A child holds out a fistful of pink flowers. Now throw away the color. Throw away the soft shading on her cheek, the warm light in her hair, the green blur of the garden behind her. Keep only the places where the picture changes suddenly: the rim of a petal, the edge of a sleeve, the line of a smile.

What is left is a tangle of thin white lines on black. And yet you still see a girl, still see flowers, still read the whole scene in an instant. You threw away almost every number in the image and lost almost no meaning.

An edge is where the image changes sharply, and edges carry the lion's share of what a picture means.

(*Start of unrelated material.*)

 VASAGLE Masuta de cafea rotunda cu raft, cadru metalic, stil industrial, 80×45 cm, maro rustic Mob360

The trick a vision system pulls here is older than computers. An edge is just a place where brightness jumps: dark fabric against a bright face, a petal against shadow. Our eyes are wired to chase exactly these jumps, which is why a four-line cartoon of a face is unmistakably a face. Edge detection is the act of teaching a machine to find those jumps and nothing else, turning a dense grid of pixels into a sparse sketch of boundaries.

The demo at the top of this page builds that sketch in front of you. Drag the threshold slider, flip the output between Gradient and Edges, then tap 📷 Camera and watch your own outline appear live beside the real feed. Look for the moment when raising the threshold erases the noise and faint texture first, leaving only the strongest contours standing. That is the central tension of edge detection in one slider: too low and you drown in spurious edges, too high and real boundaries vanish. The continuous Gradient view shows the raw evidence; the Edges view shows the verdict after a cutoff.

An edge is a steep slope

Picture a single row of the image as a landscape, where bright pixels are high ground and dark pixels are valleys. Across a flat wall the landscape is level. At the boundary of an object it drops off a cliff. The steepness of that cliff is the gradient, and a steep gradient means an edge.

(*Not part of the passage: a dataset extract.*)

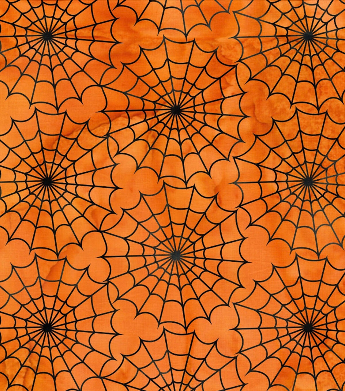 • Spiders On Orange Batik Halloween Cotton Fabric

In calculus the steepness of a function is its derivative. An image has two directions to vary in, so it has two partial derivatives, and together they form the gradient vector:

$\nabla I = \left( \frac{\partial I}{\partial x},\ \frac{\partial I}{\partial y} \right)$

Here $I$ is the image brightness at a pixel. $\frac{\partial I}{\partial x}$ is how fast brightness changes as you step sideways (it lights up at vertical edges). $\frac{\partial I}{\partial y}$ is how fast it changes as you step downward (it lights up at horizontal edges). The two together point in the direction of steepest increase. We usually care about two summary numbers built from them:

$|\nabla I| = \sqrt{G_x^2 + G_y^2}, \qquad \theta = \operatorname{atan2}(G_y, G_x)$

The magnitude $|\nabla I|$ is how strong the edge is (the height of the cliff), written with the shorthand $G_x = \partial I / \partial x$ and $G_y = \partial I / \partial y$ . The direction $\theta$ is which way the cliff faces, an angle pointing across the edge rather than along it. The demo at the top computes exactly this magnitude on a synthetic scene, an uploaded photo, or your live camera, then keeps every pixel above the threshold.

Measuring the slope with Sobel

You cannot take a true derivative of a pixel grid (it has no smooth formula), so you estimate the slope from neighbors. The classic estimator is the Sobel operator: two small 3×3 kernels, slid across the image by convolution (the operation from the previous lesson), that approximate $G_x$ and $G_y$ .

Gx (vertical edges)      Gy (horizontal edges)
[-1  0  +1]              [-1  -2  -1]
[-2  0  +2]              [ 0   0   0]
[-1  0  +1]              [+1  +2  +1]

Notice the structure. The $G_x$ kernel subtracts the left column from the right column: if they differ, brightness is changing left-to-right, so there is a vertical edge. The middle row gets double weight, which quietly blurs along the edge while differencing across it, making the estimate less jittery in noise. Each kernel sums to zero, so a flat region (every neighbor equal) returns exactly zero. Only change survives.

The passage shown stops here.